Problem details
Set down exactly each line of the entries below, beginning at the one that contains "Además de la" and ending at the last, and no others.
——
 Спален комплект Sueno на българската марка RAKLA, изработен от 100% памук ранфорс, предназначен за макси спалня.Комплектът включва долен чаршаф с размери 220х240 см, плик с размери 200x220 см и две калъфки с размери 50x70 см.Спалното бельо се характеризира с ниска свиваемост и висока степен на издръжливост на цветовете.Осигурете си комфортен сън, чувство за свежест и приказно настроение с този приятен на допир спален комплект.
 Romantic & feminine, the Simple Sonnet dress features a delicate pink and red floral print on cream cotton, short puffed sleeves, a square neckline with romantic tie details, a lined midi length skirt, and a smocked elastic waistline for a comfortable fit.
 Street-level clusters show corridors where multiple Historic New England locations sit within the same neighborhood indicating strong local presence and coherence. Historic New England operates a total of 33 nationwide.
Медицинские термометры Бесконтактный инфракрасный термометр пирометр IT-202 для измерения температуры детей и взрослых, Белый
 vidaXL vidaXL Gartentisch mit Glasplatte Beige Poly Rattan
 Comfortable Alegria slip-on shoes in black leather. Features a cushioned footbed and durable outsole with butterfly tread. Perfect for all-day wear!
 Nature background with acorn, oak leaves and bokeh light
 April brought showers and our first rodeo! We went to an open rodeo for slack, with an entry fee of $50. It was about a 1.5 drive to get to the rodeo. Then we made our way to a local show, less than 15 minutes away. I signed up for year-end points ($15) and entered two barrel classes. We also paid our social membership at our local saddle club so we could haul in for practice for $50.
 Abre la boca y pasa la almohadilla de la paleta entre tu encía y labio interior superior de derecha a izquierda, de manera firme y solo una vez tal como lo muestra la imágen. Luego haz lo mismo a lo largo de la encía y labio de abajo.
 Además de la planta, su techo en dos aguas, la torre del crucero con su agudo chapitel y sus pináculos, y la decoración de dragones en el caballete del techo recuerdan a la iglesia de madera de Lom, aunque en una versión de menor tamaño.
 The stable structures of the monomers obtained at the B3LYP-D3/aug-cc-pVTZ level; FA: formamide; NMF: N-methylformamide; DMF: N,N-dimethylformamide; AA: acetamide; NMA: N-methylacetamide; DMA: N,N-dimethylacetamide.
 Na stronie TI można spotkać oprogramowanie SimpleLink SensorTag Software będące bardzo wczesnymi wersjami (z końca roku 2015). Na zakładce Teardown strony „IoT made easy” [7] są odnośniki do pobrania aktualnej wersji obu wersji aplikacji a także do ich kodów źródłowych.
——
Written answer
 Además de la planta, su techo en dos aguas, la torre del crucero con su agudo chapitel y sus pináculos, y la decoración de dragones en el caballete del techo recuerdan a la iglesia de madera de Lom, aunque en una versión de menor tamaño.
 The stable structures of the monomers obtained at the B3LYP-D3/aug-cc-pVTZ level; FA: formamide; NMF: N-methylformamide; DMF: N,N-dimethylformamide; AA: acetamide; NMA: N-methylacetamide; DMA: N,N-dimethylacetamide.
 Na stronie TI można spotkać oprogramowanie SimpleLink SensorTag Software będące bardzo wczesnymi wersjami (z końca roku 2015). Na zakładce Teardown strony „IoT made easy” [7] są odnośniki do pobrania aktualnej wersji obu wersji aplikacji a także do ich kodów źródłowych.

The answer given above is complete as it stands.